Couldn’t it be different, when this company is a the major player on the Internet market and on the advertising market, but it’s also a main character in all the major business trends, such as semantics, gaming, mobile, micro-payment and (recently) e-books?
But let’s see some news, all part of the global scenario:
- “Is Google a content company?” (07/03/08), which is only one of the several news on Google as semantics trendsetter;
- “Google to play games with AdSense” (10/11/08), which is one of the first news of this kind;
- “WPP and Google Launch Media Research Grant Program” (10/29/08), which is almost the official entrance of Google into the traditional advertizers list;
- “Introducing AdSense for mobile search” (02/13/09), which is the second, obvious extension of Google’s main feature in the emerging mobile market;
- “Google developing a micropayment platform and pitching newspapers: Open need not mean free” (09/11/09), which is more relevant than the former launch of CheckOut;
- and, recently, “Google Editions Embraces Universal E-book Format” (10/17/09), a direct consequence of Books and a direct move “against” Amazon.
In my previous post “I’d love work with Amazon” I already spoke about “Amazon rolls out mobile app payment service”.
This is a very hot topic, as the news record another company acting in the same direction: “Nokia and Tanla Sign an Agreement for License Management, Mobile Payments and Professional Services”.
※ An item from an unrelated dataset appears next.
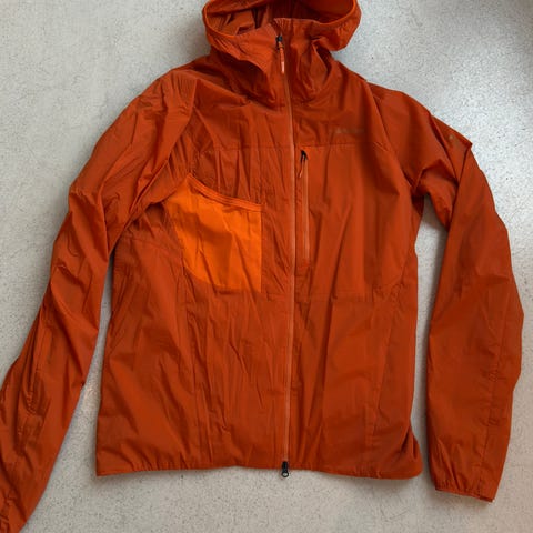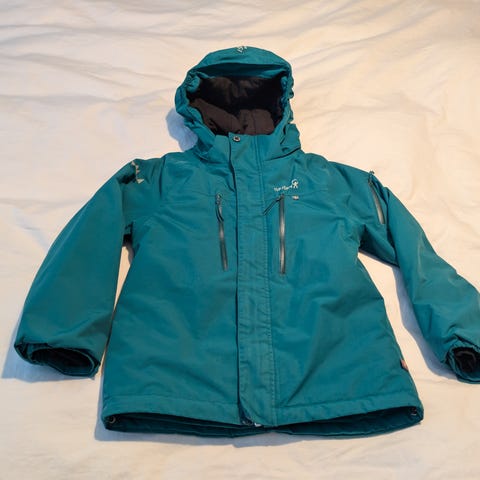 Jacka för junior i storlek M. Jackan är blå och tillverkad i polyester. Modellen har hel dragkedja framtill, dragkedjeförsedda fickor och justerbar huva. Insidan är slät med förstärkta partier vid sidorna. Passar som ytterjacka vid vardagsbruk och utomhusaktiviteter. Tejpen har delvis släppt i Innerkragen. Bra fjälljacka.

Well, Google is acting also on this issue, with a diversified strategy which could on the one hand let it test the solution and on the other gather other players to develop it.
Keeping an eye on what Google does is actually a good way to see where there is the most of the potential future business.
Others are keeping the other eye on financial outcomes (Google’s III quarter seems we can think the crisis is over), but those are only a passive global economic litmus paper.